▶ _GOAL OF THE EXERCISE_
Lines from the one containing "Roma.—Fausto Coppi, el" through the final line of the data, restated word for word and free of pictures, make up the whole answer.

▶ _AVAILABLE DATA_
━━━━━━━━━━
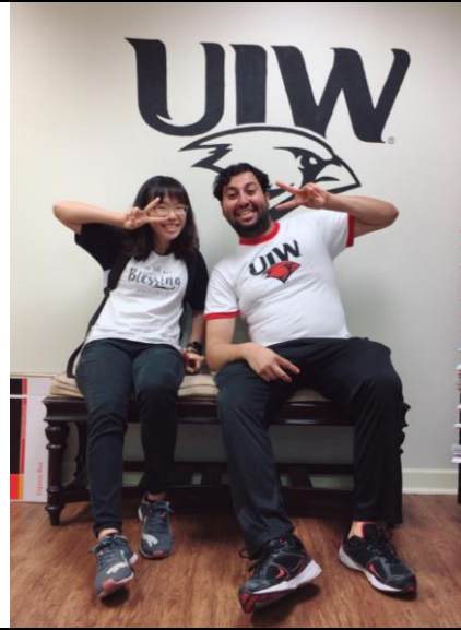
與沙烏地阿拉伯國際學生拍照
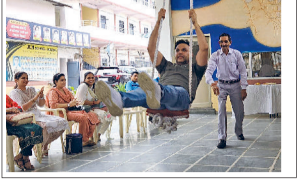
गोहाना। समारोह में झूला झूलते हुए गुरुजी।
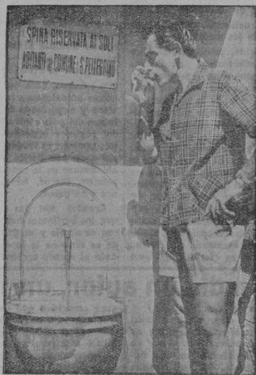
Roma.—Fausto Coppi, el «campeonissimo» italiano, ha sido designado «jefe» del equipo que en representación de su país acude a la Vuelta a Francia. En la presente «foto», Coppi se refresca en una fuente del pueblo de San Pellegriano, después de uno de sus entrenamientos con vistas al «Tour»
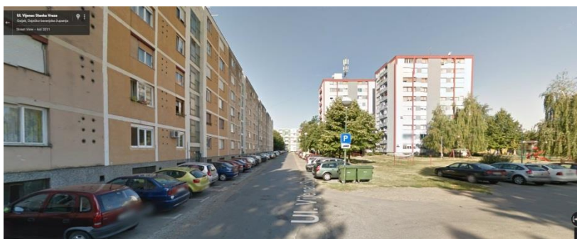
Slika 22. Stankika
━━━━━━━━━━
▶ _EXERCISE RESULT_
Roma.—Fausto Coppi, el «campeonissimo» italiano, ha sido designado «jefe» del equipo que en representación de su país acude a la Vuelta a Francia. En la presente «foto», Coppi se refresca en una fuente del pueblo de San Pellegriano, después de uno de sus entrenamientos con vistas al «Tour»
Slika 22. Stankika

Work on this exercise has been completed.